Chasseurs des bruits et sources des couleurs, »

« feuille de jour » / « mousses de rosée » « Ailes couvrant le monde de lumières » :


métaphores naturelles qui semblent évoquer un monde originel, pur et innocent : nous avons
l’impression que l’ amour de Gala est purificateur.

« sourires parfumés », : synesthésie (procédé poétique qui permet de mettre en relief une
image en faisant appel à d'autres sens ) : qui augmente l’impression de profusion des
sensations.

« feuille », « mousse », « rosée » « roseaux » « vent », « mer » : champ lexical de la nature


pour décrire le regard de la femme : ses yeux lui ouvrent le monde.
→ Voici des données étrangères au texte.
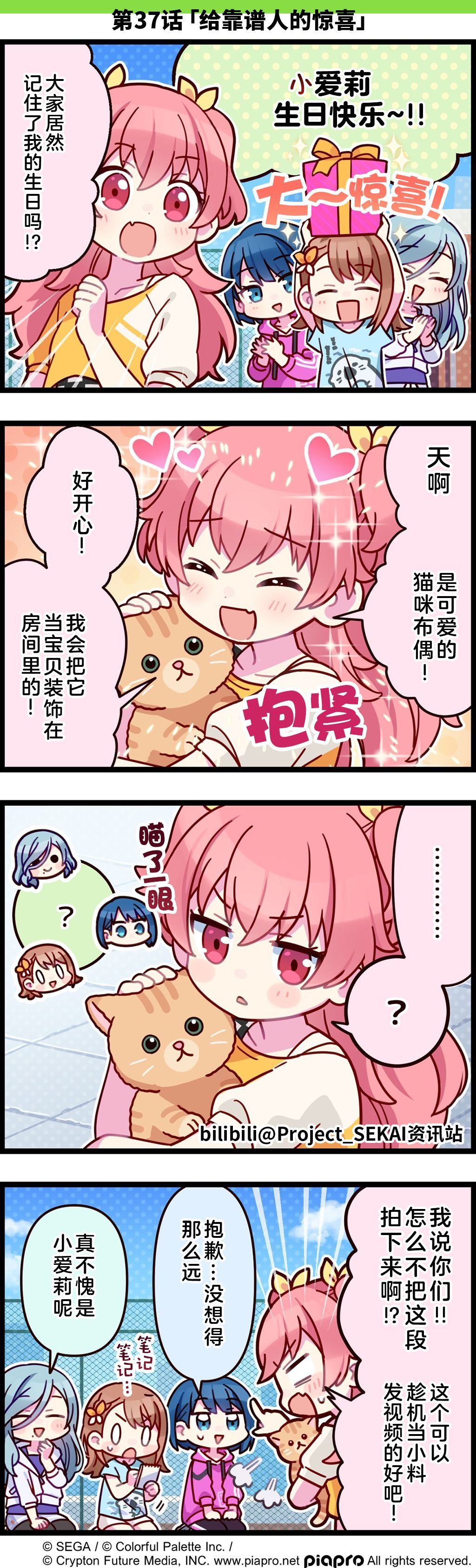 描绘《世界计划》日常的四格漫画公开✨ 第37话「给靠谱人的惊喜 ] 小爱莉生日快乐 能够时刻注意捕捉卖点也是作为成熟偶像的证明呢 🐈 🐈 🐈 🐈 🐈 🐈 🐈 🐈 🐈 🐈 🐈 🐈 🐈 🐈 🐈 🐈 🐈 🐈 翻译:L 校对:哈米赛 嵌字:L #世界计划 多彩舞台##SEKAI四格漫画##桃井爱莉##MORE MORE JUMP!# (已获得b站projectsekai资讯站授权)
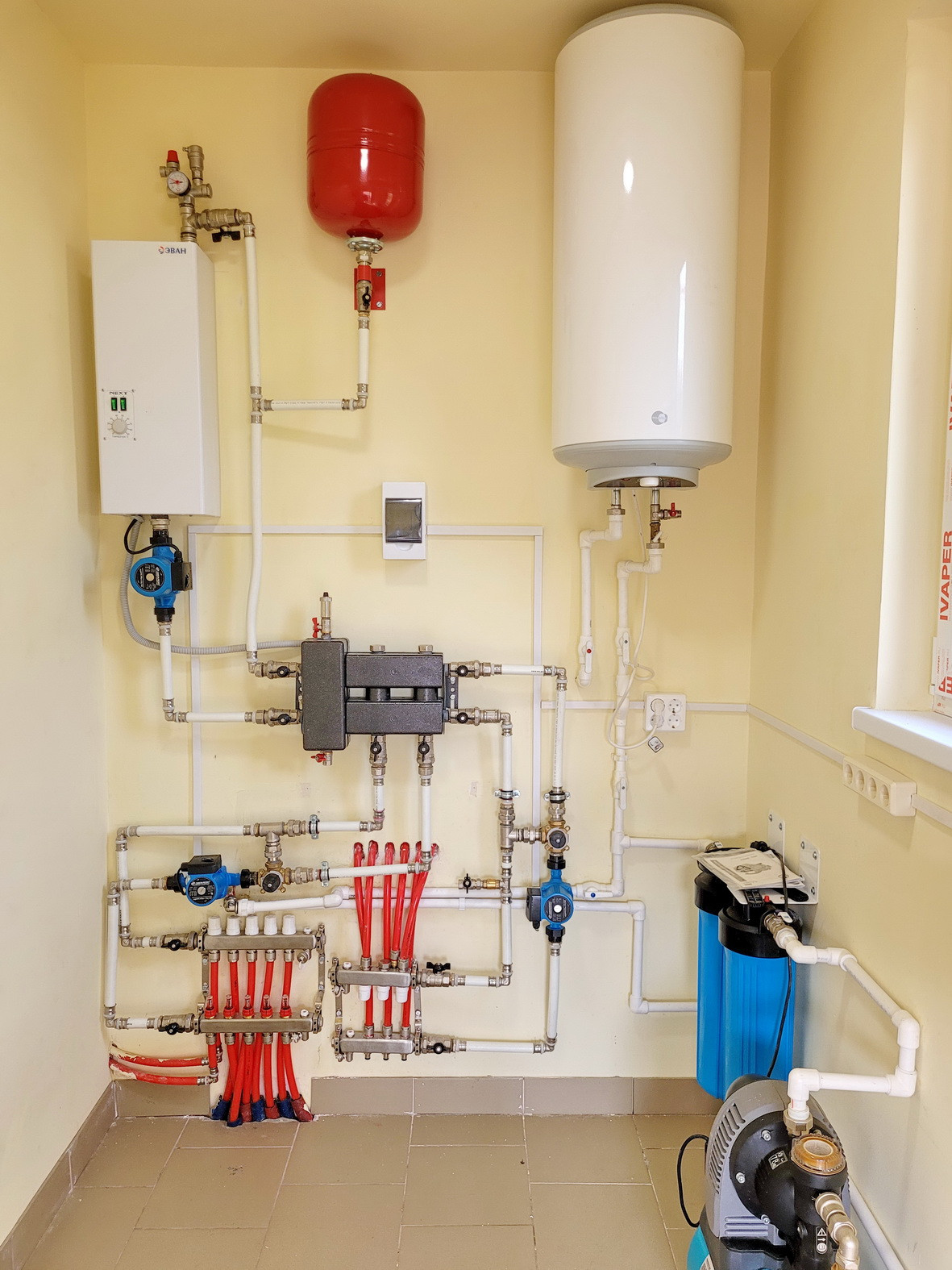 На первом этаже - супер комфортное водяное отопление пола, пол - керамогранит;
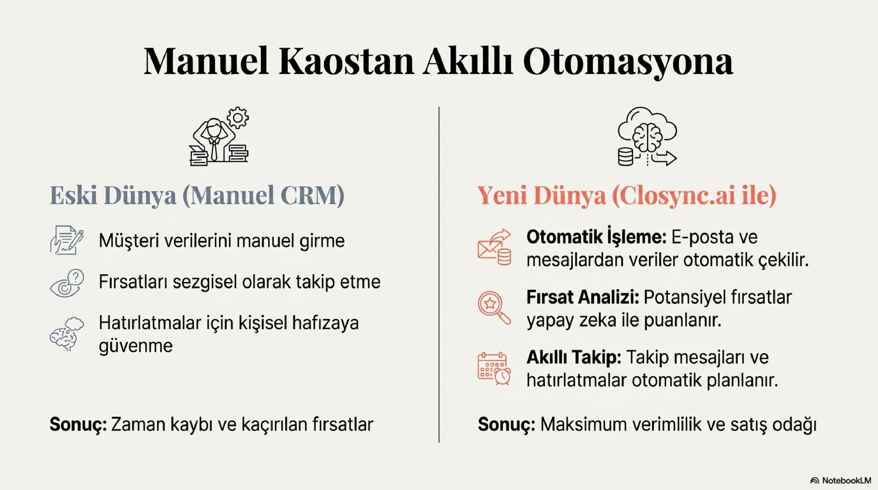 Bugün CRM artık yalnızca pasif bir kayıt aracı olmaktan çıkmıştır. Yapay zeka destekli CRM otomasyonu, satış süreçlerini manuel işlerden kurtaran bir devrimdir. Closync.ai gibi akıllı sistemler, satış temsilcilerinin vakit kaybetmeden müşteriyle etkileşime geçmesini sağlar.
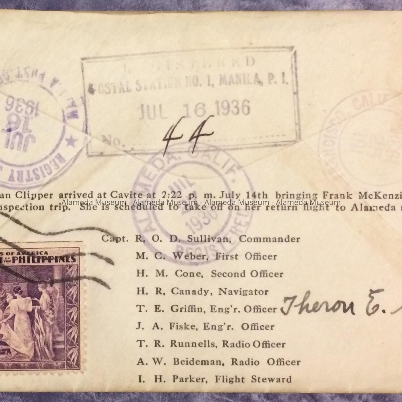 Sent on a historic fifteenth flight from Cavite, P.I. to Alameda, via Guam, Wake Island, Midway Island and Honolulu, 1936.
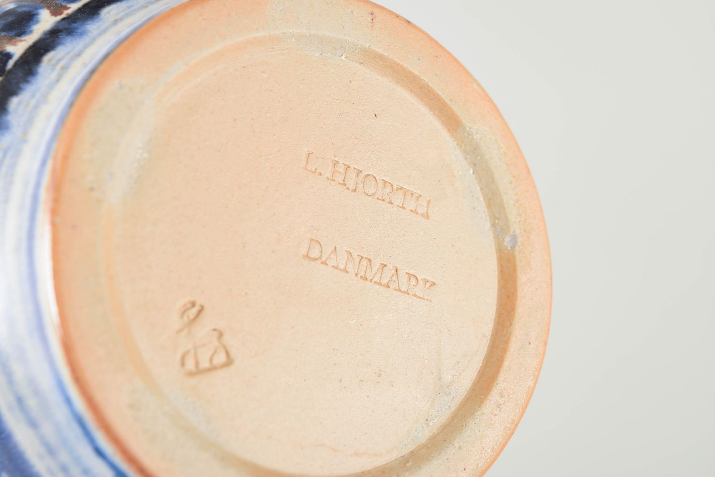 Founded in 1859, L. Hjorth’s Terracotta Factory is one of Bornholm’s most significant ceramic workshops. By the mid-20th century, the studio had developed a strong stoneware tradition characterised by hand-thrown forms, rich glazes, and intricately textured decoration. These pieces are now valued for their artistic quality and exceptional craftsmanship.
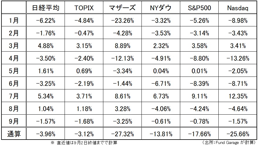 月末を超えたので、月間のパフォーマンスと、年初来のパフォーマンスも確認しておこう。8月の米国株市場は押し並べて△4%超の下落となった。一方で日本株市場はプラスの記録を残すことが出来た。昨年出遅れた分だけ優位に今年は進んでいると言えるだろう。
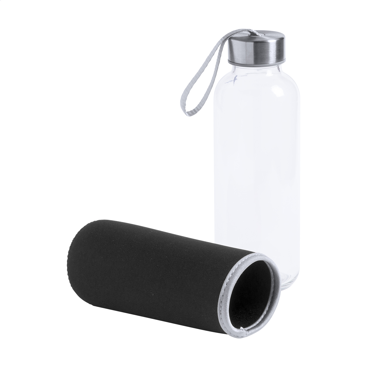 Borraccia da 420ml. in vetro con rivestimento in neoprene colorato. Non adatta per l'utilizzo con bevande gassate.
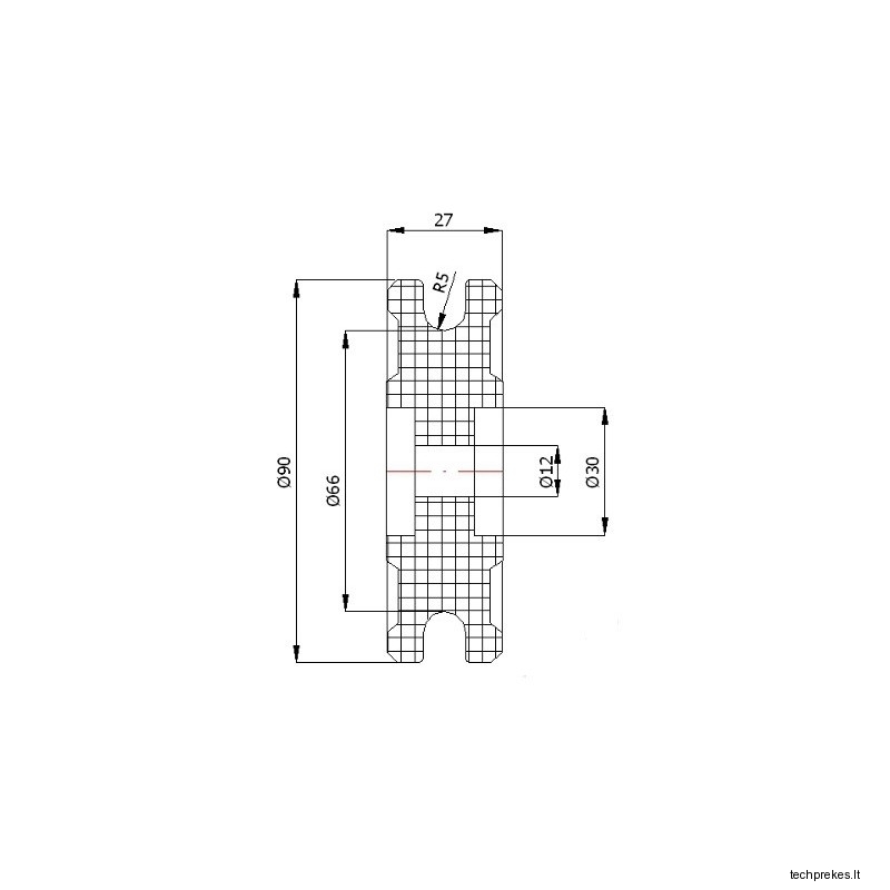 Plastikinis profiliuotas 90 mm diametro ratukas be guolio (10 mm trosui)
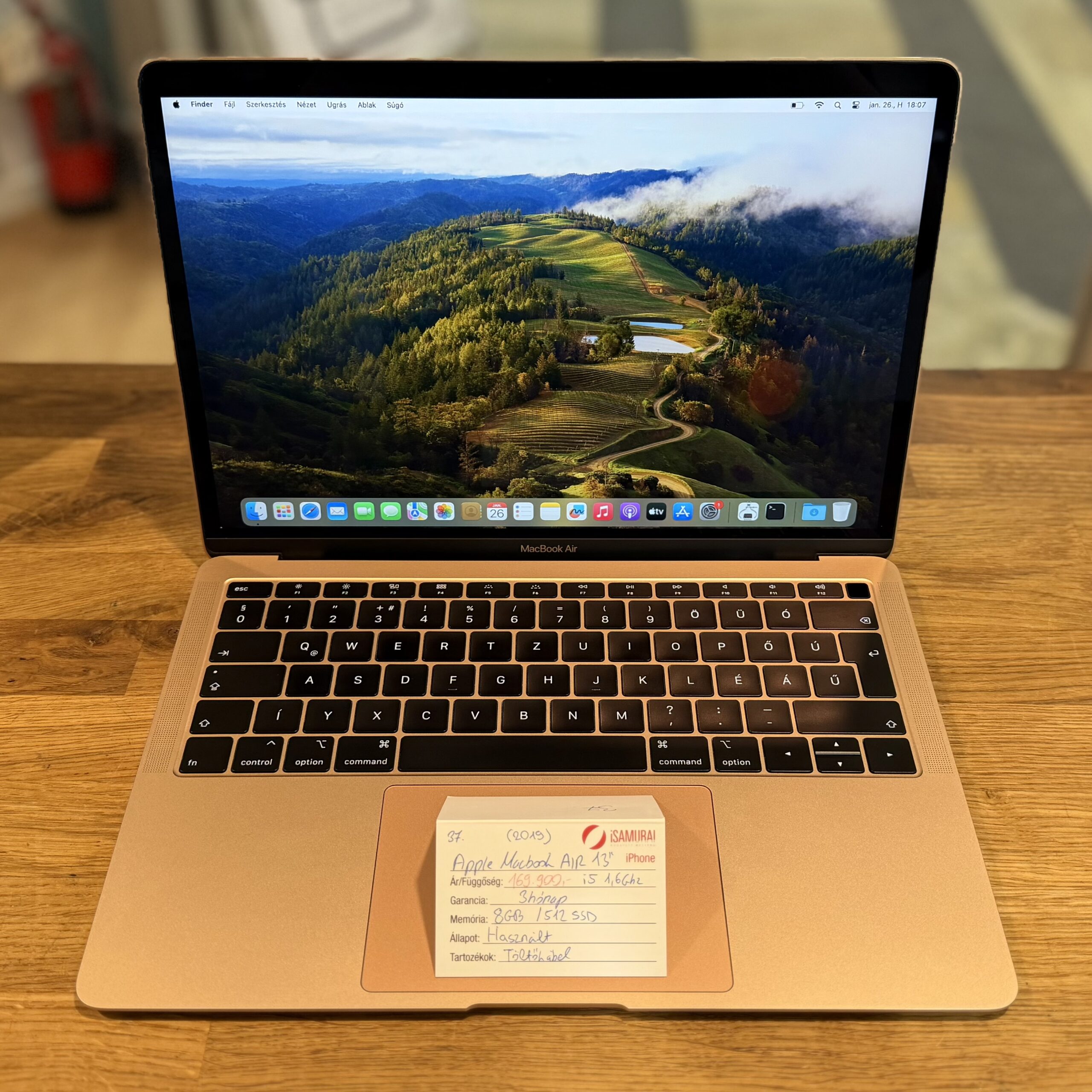 Eladó egy használt Apple MacBook Air. 13″-os retina kijelzővel, 2019-es modell. 1,6 GHz-es Intel i5-ös processzorral, UHD 617-es GPU-val, valamint 512 GB-os SSD-vel és 8 GB RAM-mal szerelve arany színben. Töltővel, valamint 3 hónap iSamurai garanciával.
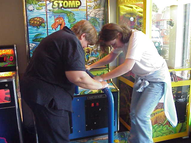 Emily Senefeld enjoy a healthy game of Swamp Stomp

« Aile couvrant le monde » : métaphore qui évoque de nouveau la douceur et la protection ,


la femme est avec le poète comme une mère protectrice avec ses petits.

Ces « ailes » couvrent le monde de « lumière » image angélique : il y a ici une sacralisation
de l’amour.

« Bateaux chargés du ciel et de la terre » : Métaphore qui montre combien la femme est pour
le poète une médiatrice au travers laquelle il découvre le monde et en prend possession.

« lumière », « ciel » : la femme est ici divinisée, elle atteint une dimension cosmique. Elle
semble être un être solaire par qui le monde advient.
La deuxième strophe, entièrement faite de groupes nominaux, est constituée d’une seule
longue phrase. Les coupes sont multipliées, et l’absence de verbe est compensée par une
accumulation d’idées fugitives. Il s’agit d’une accumulation de métaphores mélioratives,
souvent empruntées à la nature, qui subliment la femme dans un l’élan lyrique qu cœur
d’un foisonnement de vie intense. A travers son regard, la femme offre au poète l’accès au
monde et provoque une forme de renaissance, de retour à un monde purifié et libéré.

3) Troisième mouvement : Une dépendance fusionnelle.

« Parfums éclos d'une couvée d'aurores

Qui gît toujours sur la paille des astres,

Comme le jour dépend de l'innocence

Le monde entier dépend de tes yeux purs

Et tout mon sang coule dans leurs regards. »

« Parfums éclos d'une couvée d'aurores …. Qui gît toujours sur la paille des astres » : On
peut lire ces vers comme une métaphore filée( une suite de métaphores sur un même thème).
de la naissance du monde par le regard de la femme aimée. Ses yeux sont comme une matrice
qui donne vie à tout.

« sur la paille des astres » renvoie à la naissance du Christ, image qui évoque le motif de la
naissance avec une connotation religieuse.

« couvée », « éclos », « paille ». métaphore filée de la couvée : on retrouve la circularité de


façon allusive. Ceci exprime l’harmonie, l’unité, la bienfaisance.
« Le monde entier dépend de tes yeux purs ». La femme est une créature céleste par qui le
monde advient :

« tes yeux purs » : l’image de la femme maternelle et nourricière, pure et innocente, est ici
ravivée.

« dépend de » expression répétée dans deux vers qui se suivent, ceci exprime la dépendance
de l’homme à la femme, qui a un ascendant total sur lui. Le poète conçoit l’amour comme
fusionnel. Le couple n’est pas à ses yeux la coopération de deux personnes, mais leur fusion
en un être unique.

« Et tout mon sang coule dans leurs regards » : le « sang », métonymie de la vie ou symbole
de l’énergie lui est insufflé par le regard amoureux, qui lui transmet son énergie vitale. Si
Gala le protège par son amour, il lui offre ce qu’il a de plus précieux : son sang.

Nous avons ici un amour qui prend une forme fusionnelle. Le poète se trouve dans une
totale dépendance et n’aspire qu’à la fusion avec l’être aimée.